Work task » Set down, unchanged, the line holding "3-stufige Trittleiter, Aluminum" and all lines that follow it to the end of the material, leaving pictures out.

Data section »
----------------------------------------

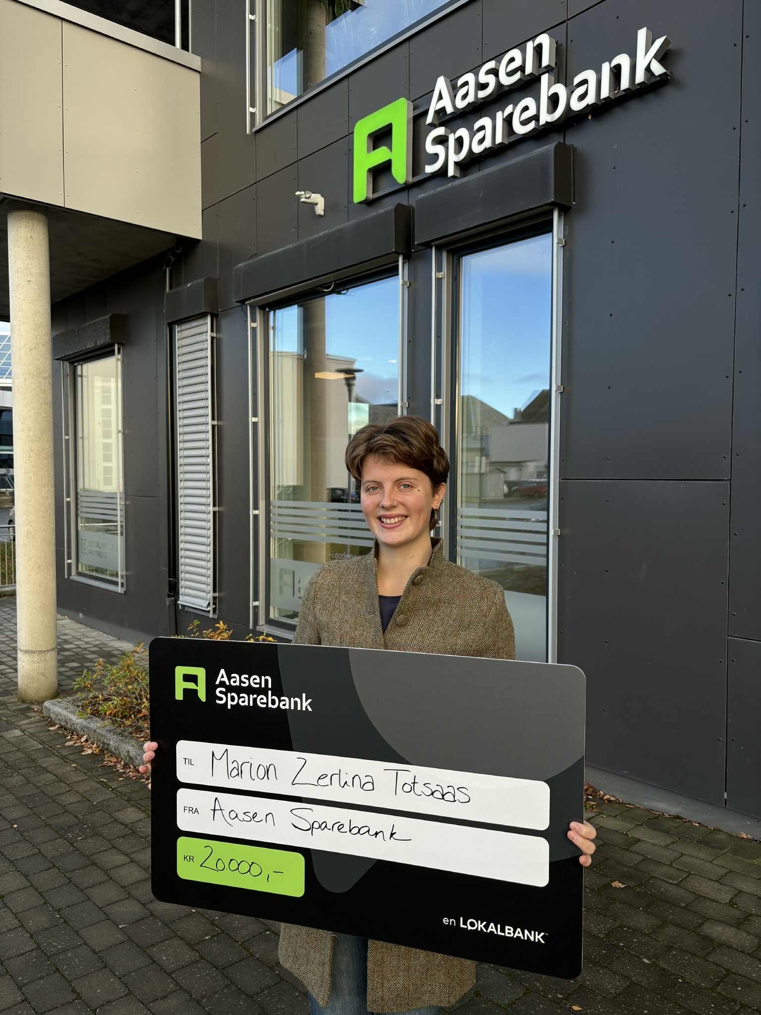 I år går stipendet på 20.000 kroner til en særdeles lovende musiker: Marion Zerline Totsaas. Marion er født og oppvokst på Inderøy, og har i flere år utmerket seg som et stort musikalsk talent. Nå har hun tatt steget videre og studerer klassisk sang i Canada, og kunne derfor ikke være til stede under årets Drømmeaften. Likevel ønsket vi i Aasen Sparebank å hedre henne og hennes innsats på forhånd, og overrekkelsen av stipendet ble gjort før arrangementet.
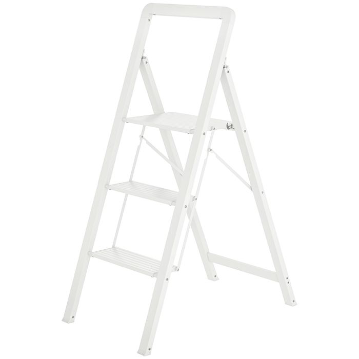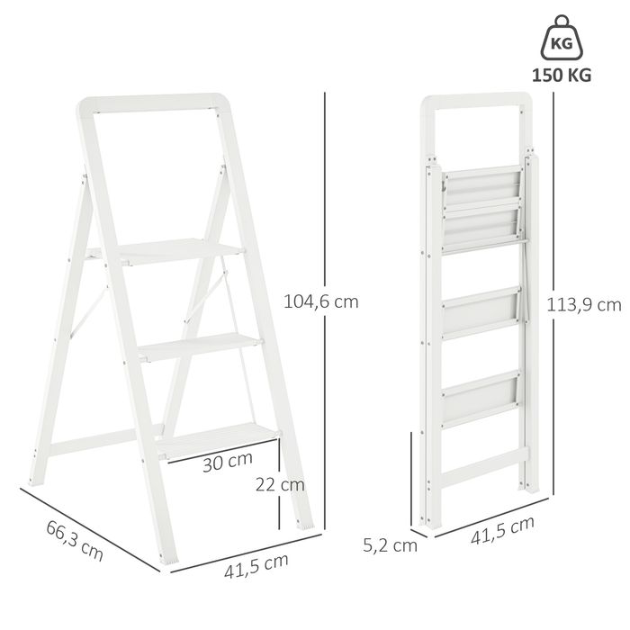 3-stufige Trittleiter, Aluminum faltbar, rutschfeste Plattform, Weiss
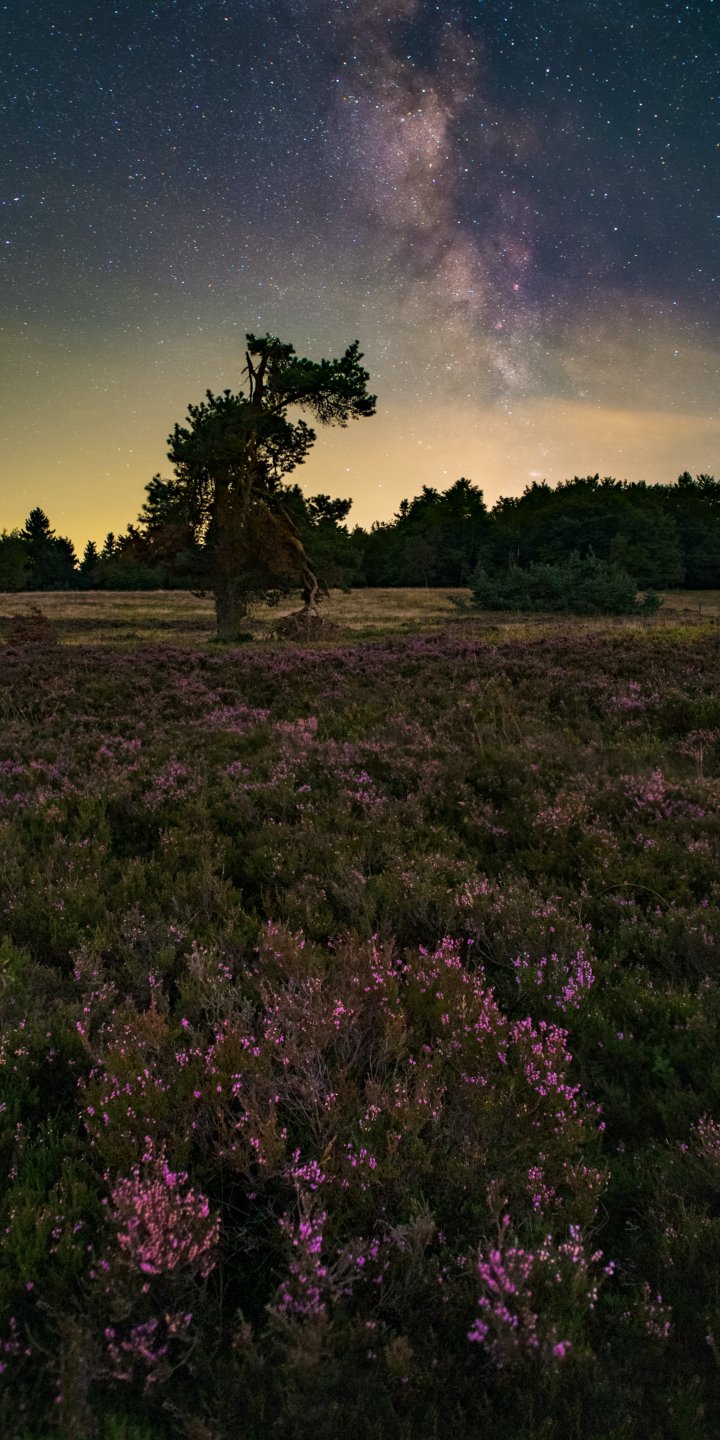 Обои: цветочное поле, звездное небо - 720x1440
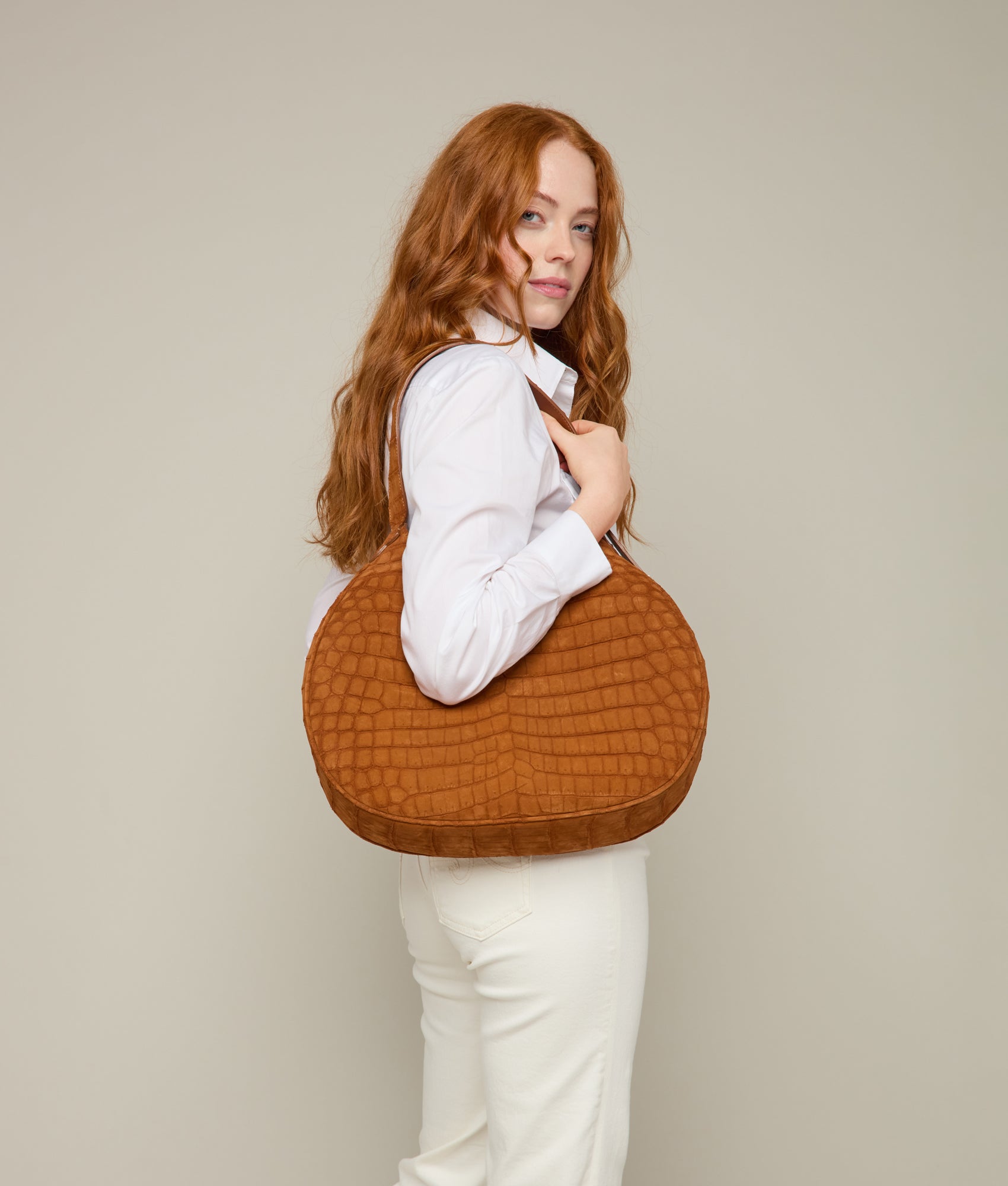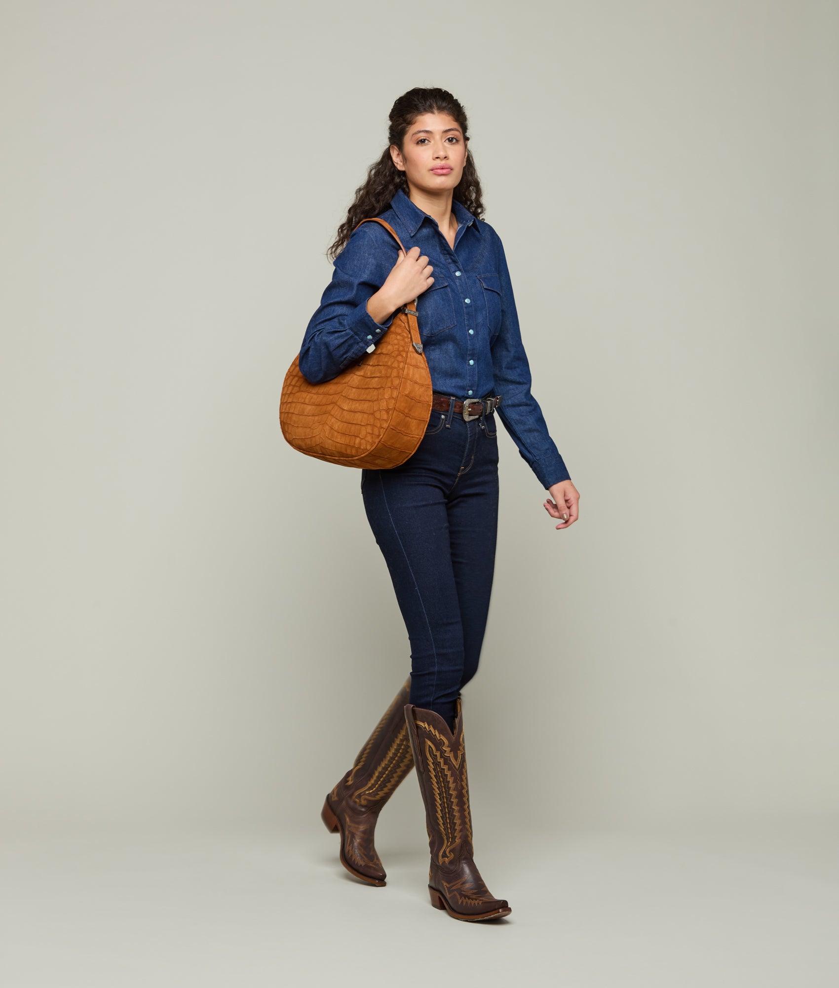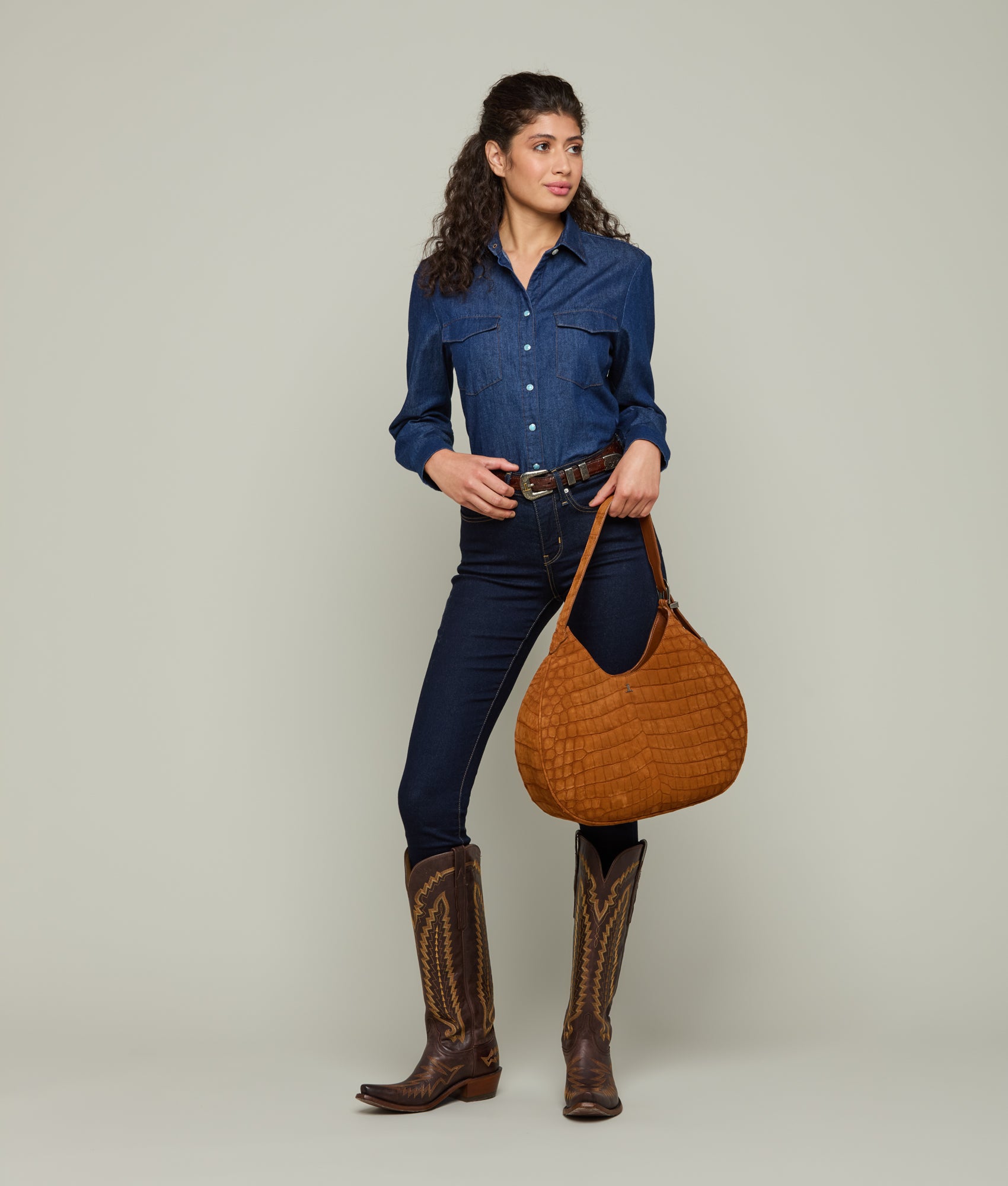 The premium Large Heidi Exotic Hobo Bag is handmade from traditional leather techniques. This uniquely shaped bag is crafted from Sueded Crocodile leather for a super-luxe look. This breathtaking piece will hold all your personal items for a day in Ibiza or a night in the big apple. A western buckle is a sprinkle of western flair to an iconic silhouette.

----------------------------------------

Task result »
 3-stufige Trittleiter, Aluminum faltbar, rutschfeste Plattform, Weiss
 Обои: цветочное поле, звездное небо - 720x1440
 The premium Large Heidi Exotic Hobo Bag is handmade from traditional leather techniques. This uniquely shaped bag is crafted from Sueded Crocodile leather for a super-luxe look. This breathtaking piece will hold all your personal items for a day in Ibiza or a night in the big apple. A western buckle is a sprinkle of western flair to an iconic silhouette.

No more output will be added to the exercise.